Levantar la voz contra la derogación del despido por bajas médicas ha sido un tema espinoso para las patronales. "Tengo el alma dividida, [...] puede que esté más cerca de los sindicatos que de lo que pueda pensar la patronal". Así lo describía, a título individual, el presidente de Foment del Treball, Josep Sánchez Llibre, en un acto público el pasado noviembre. "Nunca ha sido voluntad de los empresarios despedir a trabajadores por el hecho de estar enfermos", expresó ayer la patronal de las pequeñas y medianas empresas catalanas Pimec en un comunicado.

El retrato robot del trabajador despido vía 52-D es una mujer, de mediana edad y con responsabilidades familiares. Así lo destacó, entre otros, la magistrada del Tribunal Constitucional María Luisa Balaguer, en su voto discrepante respecto a la sentencia que avaló dicho mecanismo. Tampoco es patrimonio de un único sector, aunque entre las empresas de atención telefónica, como Unisono, Atento o Konecta, han trascendido varios casos. Ante dicho debate, la organización presidida por Josep González pidió ayer al Gobierno un plan para actuar contra el "absentismo fraudulento". "Para eso cada empresa ya tiene un régimen disciplinario", replicaron desde CCOO.

La patronal exige "consenso" 

La supresión del despido por ausencias justificadas, pues el desde hoy extinto artículo 52-D también computaba cuestiones como permisos puntuales para atender un familiar, ha sido una medida también con tintes simbólicos. Pues su uso no ha sido hasta ahora generalizado entre las empresas en España, según coinciden patronales y sindicatos. Pese a que desde CCOO destacan el "efecto llamada" que entre las compañías causó la sentencia del TC y la "necesidad" de ponerle fin con la supresión que se materializó ayer.

Los principales pilares del andamiaje laboral que levantó el PP todavía siguen en pie y las negociaciones con patronal y sindicatos apenas llevan un mes en marcha. Cuestiones como la ultraactividad, la prioridad aplicativa del convenio sectorial, las causas del despido o las condiciones del contrato son algunas de los elementos que el Gobierno pretende pactar con los agentes sociales. Todas ellas entrañan cierto grado de polémica entre las partes, aunque uno de los  grandes ‘melones’ que el equipo de Yolanda Díaz deberá abrir y acometer será el de la reforma de las condiciones de subcontratación.

La decisión de suprimir el artículo 52-D ha sido única del Gobierno, como en su momento lo fue subir el salario mínimo a 900 euros. Y a diferencia de la última subida a 950 euros, que sí fue pactada. Desde la CEOE exigen al Gobierno que se guíe por dicho espíritu y que sea este el proceder rija en las mesas de diálogo social a la que se sientan cada viernes con los sindicatos.

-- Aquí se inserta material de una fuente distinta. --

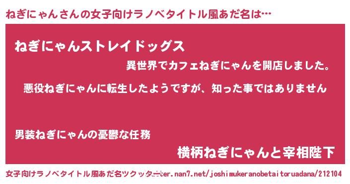 | 男性向けラノベタイトル風あだ名 | 『この素晴らしい世界にねぎにゃんを!』 |
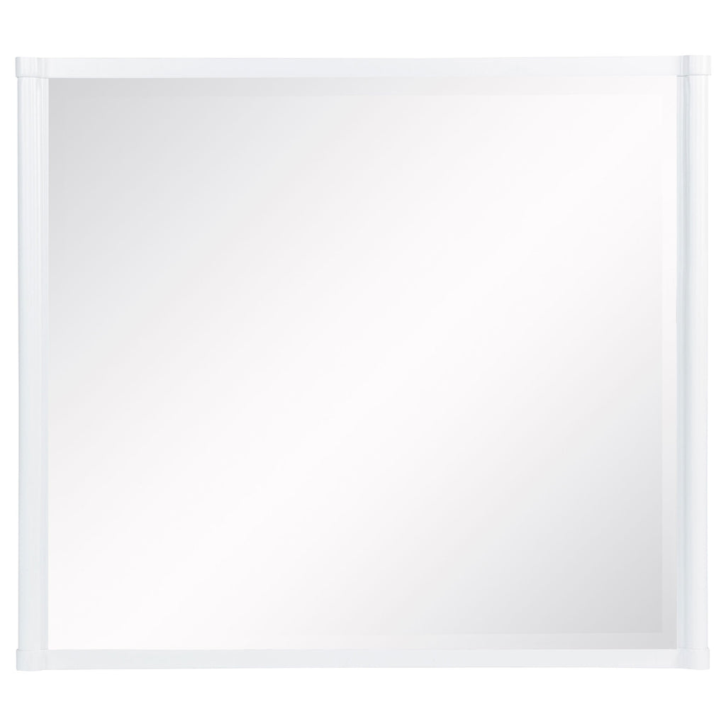 This bedroom set combines soft curvature and linear polish in a clean modern silhouette. Each piece features elongated brushed nickel pulls and subtle vertical tube accents that frame smooth white surfaces. The bed softens the look with a light grey upholstered headboard and footboard, adding contrast and comfort. Built from solid rubberwood, engineered wood, and laminate veneer, this set balances elegance with practical everyday function.

Fuentes de la patronal reiteraron la necesidad de que todo cambio normativo recoja el consenso de las partes. La discreción guía las conversaciones y la ministra de Trabajo les ha prometido tiempo para buscar ese consenso, "el que precisen", afirmó en una entrevista en RNE la semana pasada. "Pero acotado", apostilló en la misma frase.